DETROIT – The American Federation of Teachers will launch an all-out drive against school systems’ overdependence on high-stakes testing as a measure of student progress, kicking off the campaign at the union’s convention in Detroit in July.
The anti-testing drive comes after AFT’s on-line petition against the practice gained more than 10,000 signatures, many from parents, in just two weeks in July.
“Parents and teachers agree it’s time to put teaching ahead of testing so we can provide all children the rich, meaningful public education they deserve,” AFT President Randi Weingarten said. “The balance is way off — and as a result, test-driven education policies continue to force educators to sacrifice the time they need to help students learn to critically analyze content and, instead, focus on teaching to the test.
“We are depriving our children of the learning experiences they need in order to succeed in a 21st -century knowledge economy,” she added.
The 1.5-million-member union’s Executive Council approved the campaign to kill “teach to the test” in May. Both the AFT and the three-million-member National Education Association, the nation’s other teachers union, strongly oppose over-reliance on testing as the sole measure of student progress – and school quality – under the 2001 No Child Left Behind law.
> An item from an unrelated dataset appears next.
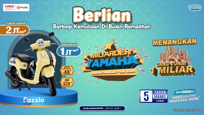 “Dengan promo Berlian alias Berbagi Kemuliaan Ramadan ini, kami memberikan kemudahan masyarakat untuk memiliki Yamaha Fazzio,” ungkap Asisten Manajer PT STSJ area Kaltim, Efendy Ariadi, Kamis (21/3/2024).
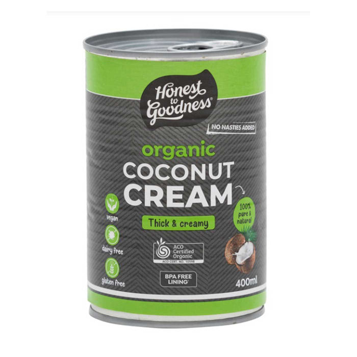 Honest to Goodness Coconut Cream is made from the pure flesh of certified organic coconuts, which are simply grated and pressed. No thickeners, sweeteners or diluters, this coconut cream is rich and creamy - just how we like it!

That law, pushed through Congress with Democratic cooperation by former GOP President George W. Bush, set enormously high standards for test passage rates for public schools – without the money to help teachers help kids achieve those results.
The unions have long maintained that NCLB was deliberately designed by Bush and other right-wingers to have public schools fail, so that taxpayer dollars could be yanked from them – and their teachers — and given to private, usually religious, schools.
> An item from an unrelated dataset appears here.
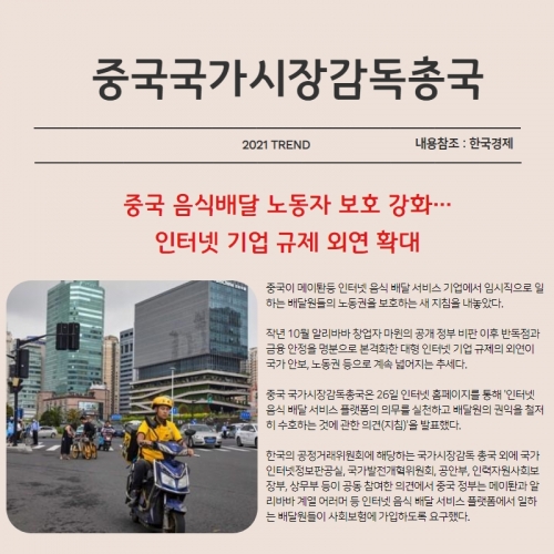 중국이 메이퇀(美團) 등 인터넷 음식 배달 서비스 기업에서

“I’m proud my 7th-graders read over 1,200 books this past school year,” one signer, teacher Don Carlisto of Saranac Lake, N.Y., told the AFT. “But we are sacrificing time that could be spent on learning and promoting reading to focus on tests that too often are unreliable indicators of student performance, of poor quality, and full of errors.”
At its convention, in early July in D.C., the NEA also opposed the high-stakes tests. It wants administrators, politicians, and test developers to improve “public school accountability systems…based on fair testing standards promulgated by experts.” States and school districts, NEA adds, should “develop systems” to evaluate schools and students “based on multiple forms of evidence of student learning that do not require extensive standardized testing (and) are used to support all students and improve schools, and not for purposes for which they have not been validated.”